Implementing this in other PlugIns should be pretty easy for databases that support. The intent is not to replace ERXFetchSpecificationBatchIterator but to have another mechanism available to directly batch in SQL if desired.

Comments, opinions, criticism on its usefulness and whether we should include this in Wonder is welcome :-)

Commit comments:

Adds fetchRange option to ERXFetchSpecification and fetchRange support to _MySQL.Plugin.MySQLExpression.

ERXFetchSpecificationBatchIterator in its current incarnation works fine for batching where a reference to the
batch iterator is maintained. However in direct actions, as used inside current ERXRestFetchSpecification.results(...)
method, a new ERXFetchSpecificationBatchIterator is created on each request resulting in the entire population
of primary keys being fetched and then the batch of EOEnterpriseObjects for the primary key range is fetched.

Having a fetchRange option in ERXFetchSpecification, with support in SQL PlugIns, enables the same range of objects
to be returned in one fetch in a stateless request. This is useful for stateless requests that request a range of
a huge population of objects. This feature may also not have the ERXFetchSpecificationBatchIterator
limitation of not supporting multi-column primary keys. Another advantage is that it has no limit to the total count of
the population of objects form which the range if fetched whereas ERXFetchSpecificationBatchIterator does have a practical
limit associated with ther total number of primary keys that can or should be fetched.

A disadvantage of direct SQL batch fetch is that for some complex qualifiers that return duplicate rows, the DISTINCT property
must be set to true to get accurate results. Having DISTINCT and ORDER BY in the same SQL statement apparently causes
problems in some database platforms such as Oracle that is taken into account by ERXFetchSpecificationBatchIterator
(see ERXSQLHelper.newSQLHelper(entity).shouldPerformDistinctInMemory(pkFetchSpec)) reference in primaryKeys() method
of ERXFetchSpecificationBatchIterator.

…t to _MySQL.Plugin.MySQLExpression. ERXFetchSpecificationBatchIterator in its current incarnation works fine for batching where a reference to the batch iterator is maintained. However in direct actions, as used inside current ERXRestFetchSpecification.results(...) method, a new ERXFetchSpecificationBatchIterator is created on each request resulting in the entire population of primary keys being fetched and then the batch of EOEnterpriseObjects for the primary key range is fetched. Having a fetchRange option in ERXFetchSpecification, with support in SQL PlugIns, enables the same range of objects to be returned in one fetch in a stateless request. This is useful for stateless requests that request a range of a huge population of objects. This feature may also not have the ERXFetchSpecificationBatchIterator limitation of not supporting multi-column primary keys. Another advantage is that it has no limit to the total count of the population of objects form which the range if fetched whereas ERXFetchSpecificationBatchIterator does have a practical limit associated with ther total number of primary keys that can or should be fetched. A disadvantage of direct SQL batch fetch is that for some complex qualifiers that return duplicate rows, the DISTINCT property must be set to true to get accurate results. Having DISTINCT and ORDER BY in the same SQL statement apparently causes problems in some database platforms such as Oracle that is taken into account by ERXFetchSpecificationBatchIterator (see ERXSQLHelper.newSQLHelper(entity).shouldPerformDistinctInMemory(pkFetchSpec)) reference in primaryKeys() method of ERXFetchSpecificationBatchIterator.

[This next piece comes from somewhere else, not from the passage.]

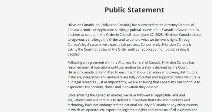 - 海康威视:加拿大公司向加检方申请审查加政府决定,公司暂已恢复运营转自:北京日报客户端海康威视7月7日发布公告称,海康威视加拿大公司已向加拿大总检察长提交申请,寻求对加拿大政府停止其在加所有业务的决定进行司法审查。声明称,在与加拿大总检察长达成协议后,海康威视加拿大公司已恢复正常运营,直至法院对公司提出的暂缓执行申请作出裁决。海康威视表示,自进入加拿大市场以来,遵守所有适用的法律和法规,公司将继续捍卫其立场,即海康威视的产品和技术没有危及加拿大或公司运营所在的任何其他国家/地区的国家安全。 6月27日,加拿大高级官员在社交媒体表示,加政府在进行国家安全审查后,认为海康威视在加继续运营将损害加国家安全,已命令其停止在加运营并关闭在加业务,并称加政府还禁止政府部门购买或使用海康威视产品。6月30日,中国商务部新闻发言人就加拿大政府关闭海康威视在加业务事答记者问表示,加方以“国家安全”为由,强行关闭海康威视在加业务,并禁止加政府部门购买或使用海康威视产品,中方对此强烈不满、坚决反对北京日报
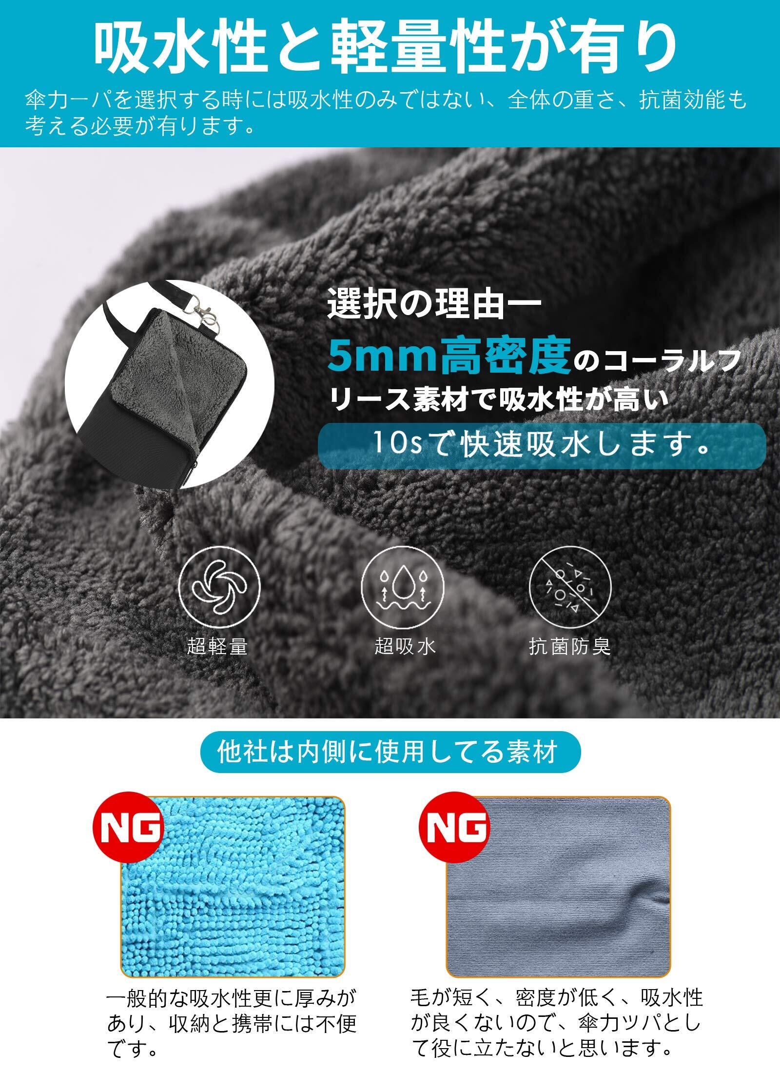 【超吸水素材】商品の内側は5mm高密度のコラールフリース素材を使って、超吸水且つ軽く薄いです。内側の雨粒は快速に吸水されます。

darkv · 2012-06-08T06:11:34Z

This seems really useful!
For what type of complex qualifiers did you observe wrong results? Should the distinct flag then be automatically set to true when a range is set on the fetch specification? If the distinct is done in memory after the fetch has been done (seems to be the case for Oracle and DB2) perhaps the plugin should automatically fill the result up to match the requested count of objects (either by fetching NSRange.length() + delta and discarding the ones that are surplus or fetching a second time to fill up the result set)?

kierankelleher · 2012-06-08T14:25:24Z

About Distinct in SQL

I needed distinct on a keyPath qualifier that included 2 many-to-many join tables, something like this where I was fetching dataList where keyPath contained a specific user.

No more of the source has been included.